Only the lines from the start of the data through the line containing "The Systematic Review" should be written out, exactly as they are, with both ends included and the pictures left out.

------------------------------

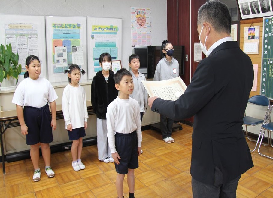 「令和5年度加茂郡小中学校 読書感想文コンクール」で力を発揮した6名の児童を紹介します。6名は、夏休みに読んだ本について自分の思いをまとめ感想文として提出し、見事に入選を果たしました。おめでとうございます。
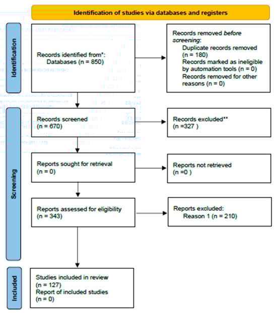 The Systematic Review follows the general approach of PRISMA 2020 statement. The full text of references identified as potentially relevant was obtained, and papers were included by applying the inclusion criteria. The number of documents retrieved was 850. Of those, 180 were duplicates and were removed, and 343 papers were excluded based on the criteria used. The number of studies finally included in this systematic review was 127 (Figure 1).
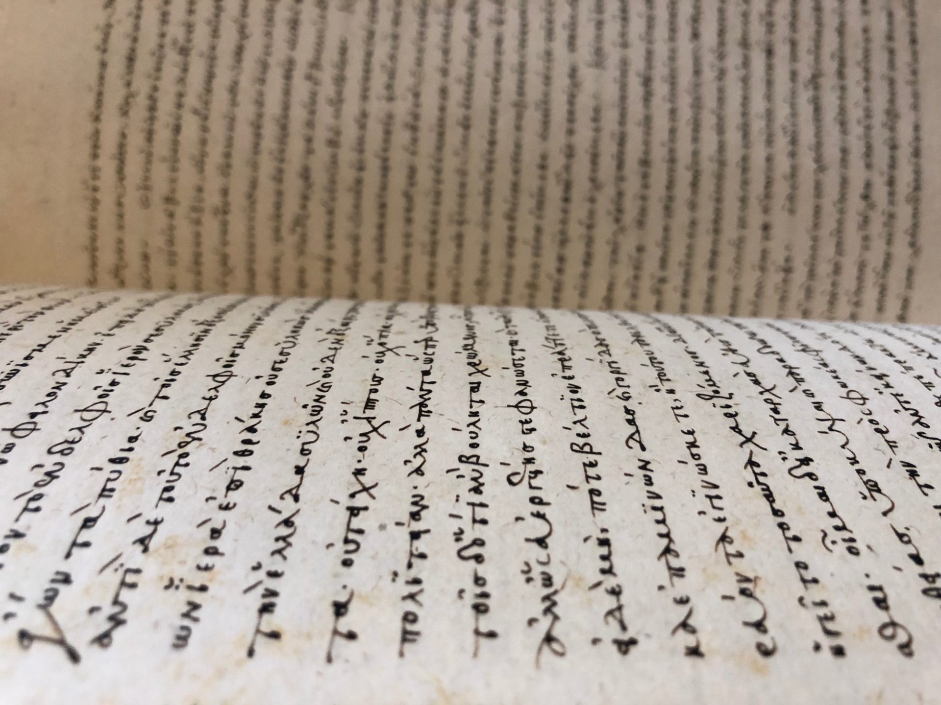 IL CODICE MALATESTIANO – Il manoscritto, cartaceo, consta di 366 carte ( mm 310 × 230), fu scritto da un unico copista in minuscola greca ed è databile alla seconda metà del XIV secolo. Al suo interno contiene le orazioni dell’oratore greco Aristide vissuto nel II sec. d.C. La decorazione comprende a c. 1r un fregio, consistente in una semplice doppia cornice con elementi decorativi fitomorfi, in inchiostro rosso; alle cc. 62v, 88r, 97v, 113v, 364r; bande in inchiostro rosso con elementi decorativi geometrici o fitomorfi, che separano i testi; rubriche; iniziali calligrafiche, sovramodulate in inchiostro rosso all’inizio dei singoli testi; segni a forma di penna per richiamare l’attenzione su alcuni passi, realizzati nello stesso inchiostro bruno utilizzato per la scrittura del testo. La coperta in cuoio marrone scuro su assi di legno è l’originale malatestiana. Il piatto anteriore e quello posteriore presentano una decorazione con impressioni a secco, costituita da una doppia cornice formata da triplici filetti e decorata con elementi geometrici; lo spazio risultante fra le due cornici è ulteriormente partito da quattro diagonali, sempre formate da triplici filetti. Su entrambi i piatti sono presenti cinque borchie in ferro di forma quadrilobata, una posta al centro e quattro negli angoli. Sul labbro inferiore del piatto posteriore è attaccata la catena originale. Un’antica
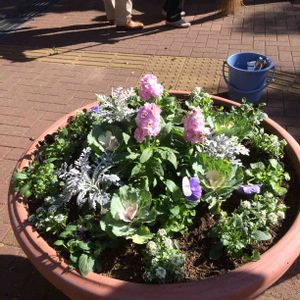 ガーデンサポーター活動☘️ 公園入口の巨大プランターの植え替えのお手伝い。 ストック、パンジー(青紫)、ビオラ(黒)、ミニハボタン、シロタエギク、スイートアリッサム。 春には周りのスイートアリッサムがプランターから垂れるようにイメージして植えましたー😊
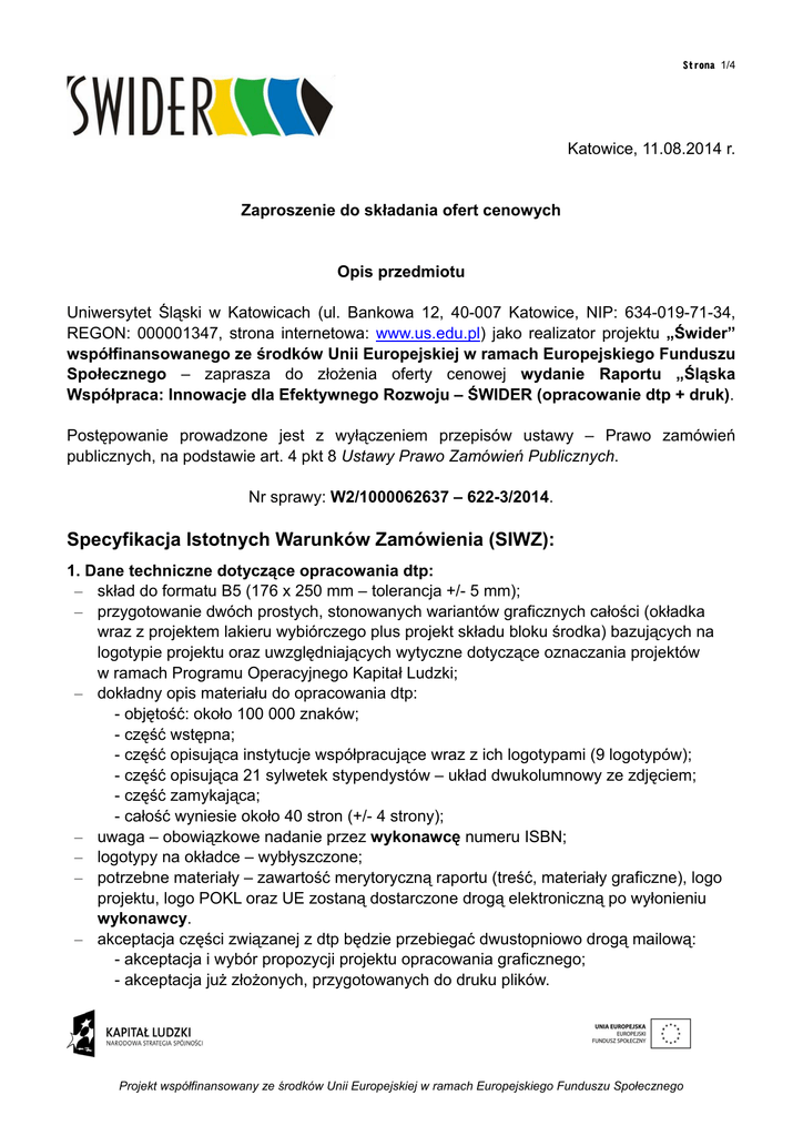 Strona 1/4 Katowice, 11.08.2014 r. Zaproszenie do składania ofert cenowych Opis przedmiotu Uniwersytet Śląski w Katowicach (ul. Bankowa 12, 40-007 Katowice, NIP: 634-019-71-34, REGON: 000001347, strona internetowa: www.us.edu.pl) jako realizator projektu „Świder” współfinansowanego ze środków Unii Europejskiej w ramach Europejskiego Funduszu Społecznego – zaprasza do złożenia oferty cenowej wydanie Raportu „Śląska Współpraca: Innowacje dla Efektywnego Rozwoju – ŚWIDER (opracowanie dtp + druk). Postępowanie prowadzone jest z wyłączeniem przepisów ustawy – Prawo zamówień publicznych, na podstawie art. 4 pkt 8 Ustawy Prawo Zamówień Publicznych. Nr sprawy: W2/1000062637 – 622-3/2014. Specyfikacja Istotnych Warunków Zamówienia (SIWZ): 1. Dane techniczne dotyczące opracowania dtp: – skład do formatu B5 (176 x 250 mm – tolerancja +/- 5 mm); – przygotowanie dwóch prostych, stonowanych wariantów graficznych całości (okładka wraz z projektem lakieru wybiórczego plus projekt składu bloku środka) bazujących na logotypie projektu oraz uwzględniających wytyczne dotyczące oznaczania projektów w ramach Programu Operacyjnego Kapitał Ludzki; – dokładny opis materiału do opracowania dtp: - objętość: około 100 000 znaków; - część wstępna; - część opisująca instytucje współpracujące wraz z ich logotypami (9 logotypów); - część opisująca 21 sylwetek stypendystów – układ dwukolumnowy ze zdjęciem; - część zamykająca; - całość wyniesie około 40 stron (+/- 4 strony); – uwaga – obowiązkowe nadanie przez wykonawcę numeru ISBN; – logotypy na okładce – wybłyszczone; – potrzebne materiały – zawartość merytoryczną raportu (treść, materiały graficzne), logo projektu, logo POKL oraz UE zostaną dostarczone drogą elektroniczną po wyłonieniu wykonawcy. – akceptacja części związanej z dtp będzie przebiegać dwustopniowo drogą mailową: - akceptacja i wybór propozycji projektu opracowania graficznego; - akceptacja już złożonych, przygotowanych do druku plików. Projekt współfinansowany ze środków Unii Europejskiej w ramach Europejskiego Funduszu Społecznego Strona 2/4 2. Dane techniczne dotyczące druku: – ilość egzemplarzy: 150 sztuk; – technika druku: offset/cyfra; – format druku B5 (176 x 250 mm – tolerancja +/- 5 mm); – papier bloku: kreda matowa 90 g (lub równoważny); – liczba stron w bloku – 40 stron (+/- 4 strony); – zadruk bloku – pełen kolor – druk 4 + 4; – oprawa broszurowa szyta; – zadruk oprawy – pełen kolor plus lakier wybiórczy 5 + 0; – papier na oprawę: kreda matowa 250 g (lub równoważny) – folia matowa na oprawie, na to lakier wybiórczy. Termin realizacji: 1. Przygotowanie projektów opracowania graficznego: – 1 dzień roboczy (24 h) od otrzymania materiałów od zamawiającego. 2. Skład, łamanie i przygotowanie do druku materiałów – 2 dni robocze (48 h) od zaakceptowania projektu opracowania graficznego. 3. Druk i dostarczenie nakładu do siedziby Zamawiającego: – 5 dni roboczych od momentu otrzymania akceptacji plików do druku od Zamawiającego. Rozliczenie realizacji usługi odbędzie się na podstawie zawartej pisemnie umowy, protokołu odbioru nakładu oraz prawidłowo wystawionej faktury VAT (5%). Kontakt z Zamawiającym Postępowanie prowadzi – Beata Klyta – tel. 32 359 15 70. Osobą upoważnioną ze strony Zamawiającego do kontaktu z Wykonawcami w sprawach merytorycznych – wyboru i akceptacji projektu jest dr Marcin Binkowski , e-mail: [email protected] tel. 32 359 22 66. Wybór oferty nastąpi w oparciu o: – najkorzystniejszą cenę brutto (100 %), Sposób i termin składania oferty: 18.08.2014 r. do godz. 10.00 Oferty na ww. zadania powinny zostać złożone wyłącznie w formie elektronicznej drogą via e-mail pod adresem [email protected] do dnia 18 sierpnia 2014 roku do godziny 10:00. Oferty złożone po terminie lub w inny sposób nie zostaną rozpatrzone. Projekt współfinansowany ze środków Unii Europejskiej w ramach Europejskiego Funduszu Społecznego Strona 3/4 Wymagania wobec oferentów: 1. Oferty mogą składać jedynie podmioty mające prawo do nadawania numeru ISBN. 2. Oferta Wykonawcy winna zawierać cenę brutto w PLN, zawierającą wszelkie koszty związane z wykonaniem zamówienia; nazwę oferenta; dane teleadresowe i e-mail oferenta, złożona na załączniku nr 1 dołączonego do niniejszego zapytania wraz z pieczęcią firmową oraz podpisem osób upoważnionych do składania oświadczeń woli w imieniu wykonawcy oraz umożliwiający identyfikację osoby składającej podpis. 3. Oferent może złożyć tylko jedną ofertę cenową. 4. Po wyłonieniu najkorzystniejszej oferty, Zamawiający przekaże Wykonawcy umowę w formie pisemnej – Wykonawca zobowiązany jest niezwłocznie do jej podpisania i odesłania do Zamawiającego. 5. Oferenci, których oferta zostanie wybrana, zostaną poinformowani pisemnie (drogą elektroniczną). Uwagi Końcowe 1. Zamawiający zastrzega sobie prawo odstąpienia bądź unieważnienia zapytania ofertowego bez podania przyczyny w przypadku zaistnienia okoliczności nieznanych Zamawiającemu w dniu sporządzania niniejszego zapytania Ofertowego. 2. Zamawiający wykluczy z postępowania Oferentów, którzy złożą ofertę niezgodną z prawdą (poświadczą nieprawdziwe informacje). 3. Zapytanie ofertowe nie stanowi oferty w rozumieniu art. 66 §1 k.c. 4. Oferenci uczestniczą w postępowaniu ofertowym na własne ryzyko i koszt, nie przysługują im żadne roszczenia z tytułu odstąpienia przez Zamawiającego od postępowania ofertowego. 5. Ocena zgodności ofert z wymaganiami Zamawiającego przeprowadzona zostanie na podstawie analizy dokumentów i materiałów, jakie Oferent zawarł w swej ofercie. Ocenie podlegać będzie zarówno formalna jak i merytoryczna zgodność oferty z wymaganiami. 6. Zamawiający nie dopuszcza możliwości składania of

------------------------------

§ OUTPUT FOR THIS EXERCISE:
 「令和5年度加茂郡小中学校 読書感想文コンクール」で力を発揮した6名の児童を紹介します。6名は、夏休みに読んだ本について自分の思いをまとめ感想文として提出し、見事に入選を果たしました。おめでとうございます。
 The Systematic Review follows the general approach of PRISMA 2020 statement. The full text of references identified as potentially relevant was obtained, and papers were included by applying the inclusion criteria. The number of documents retrieved was 850. Of those, 180 were duplicates and were removed, and 343 papers were excluded based on the criteria used. The number of studies finally included in this systematic review was 127 (Figure 1).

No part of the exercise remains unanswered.